Happily, AI is very good at doing lots of well-understood, annoying work quickly. The next time you're doing a migration of roughly this shape, consider:
- Can you shore up the testing of the source system?
- Can you get govern more of the source system's infrastructure as code?
- Do you have tons of logging in the target system? (AI is very good at parsing lots of logs, and the cost-benefit of "excessive" logging is very different (i) in a migration (ii) when you have AI to help you.)
- Every time you query a database, are you (i) constructing the query by means of a helper function, (ii) testing that helper function, (iii) logging the query before you make it, and (iv) logging relevant information about the results of the query?
- Have you written tests to verify that the broad shape (e.g., the cardinality) of the data is close enough to equal in the source and target systems?
- Have you written tests to randomly sample data from the source system and compare it to analogous data from the target system?
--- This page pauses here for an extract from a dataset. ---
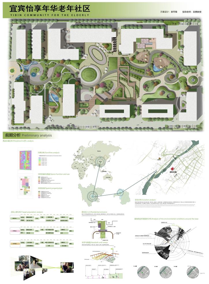 袁苓瀚同学关注到人口老龄化的问题,以“怡想年华”为理念,对老年社区的景观设计展开了研究,提升老年人的生活居住环境,积极应对人口老龄化。

- There will probably be a critical cutover period: are you sure that everything you need to do then cannot be done before? (Can you do a first migration of the data, with a plan to fill in the difference during the cutover or later? Have you configured all your new infrastructure and ensured that you can observe and access it as necessary?)
- Have you written the full migration plan as a script that is intelligible to AI?
That's only a partial checklist, but this sort of preparation can greatly de-risk a migration. AI is more than happy to help with all of it.
Meanwhile, there are aspects of a migration that are still quite hard for AI, or at least for AI without customization:
- High-level "am I missing anything?" questions;
- Questions of risk and of what data actually needs to get migrated;
- Making sure that there really aren't any dependencies remaining on the old infrastructure.
Here, AI is a useful partner but less likely to be trustworthy. Or, at least, less trustworthy for now. As with all things in software right now, it's changing quickly.
Migrations, besides being an important subject in their own right, are a useful case study in applying AI. However much case-by-case reasoning and subtle judgment are required, they also tend to require a lot of work for which AI is uncontroversially well suited. We all need to learn to recognize situations like this.